This swath of wind gusts occurred over 12.5 h from 1930 UTC 25 December to 0800 UTC 26 December; the winds in this swath were primarily from the southwest and exhibited temporal continuity with the progression of the Arctic front. The axis of these high winds was approximately 275 km to the right of the cyclone track. The highest gust recorded was 35 m s−1 at Aurora, Nebraska (AUH; see Fig. 3 for location), at 0100 UTC, although the highest wind gust may have been missed at some locations. Most Automated Weather Observing System (AWOS) stations report every 20 min and only report the peak wind gust in the 10 min preceding an observation. The 5-min observations were obtained from selected AWOS sites in Nebraska, and it was from those data that the peak gust at Aurora was discovered.
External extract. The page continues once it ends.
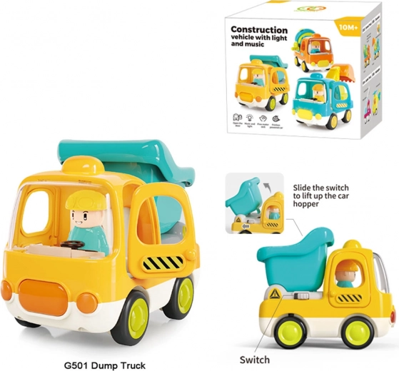 Ta kolorowa wywrotka to idealne pierwsze autko dla najmłodszych kierowców. Dzięki wesołym melodiom, dźwiękowi uruchamiania silnika i klaksonowi dziecko zanurzy się w realistycznej zabawie, a migający przycisk wspiera percepcję wzrokową. Solidna konstrukcja z wysokiej jakości plastiku bez ostrych krawędzi gwarantuje bezpieczną i długotrwałą zabawę.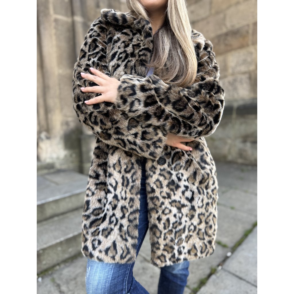 Luxusní dámský kožich Twinset s leopardím potiskem. Stylový kousek, který dodá vašemu outfitu výrazný a elegantní vzhled.

The first detected high winds associated with this wind maximum occurred at Sterling, Colorado (STK), at 1930 UTC, shortly after the passage of the Arctic front (Figs. 2a,b). A tight gradient in wind speed existed between locations that experienced high winds and those that did not. For example, York, Nebraska (JYR), is only 32 km east of Aurora, but the peak wind gust there was only 20 m s−1 (Fig. 3). Similarly, the peak wind gust at Smith Center, Kansas (K82), was only 19 m s−1, and Smith Center is located just 43 km east of Phillipsburg, Kansas, where the peak wind gust was 31 m s−1. Winds abruptly increased almost immediately after frontal passage. For example, observations every 5 min from five AWOS stations owned by the Nebraska Department of Aeronautics showed rapid increases in wind speeds, with gusts exceeding 25 m s−1 within 10 min of frontal passage. But, the high winds lasted no more than 2 h at any single location. These rapid increases in wind speeds after frontal passage, and the short duration of the high winds, were typical along the entire path of this wind maximum.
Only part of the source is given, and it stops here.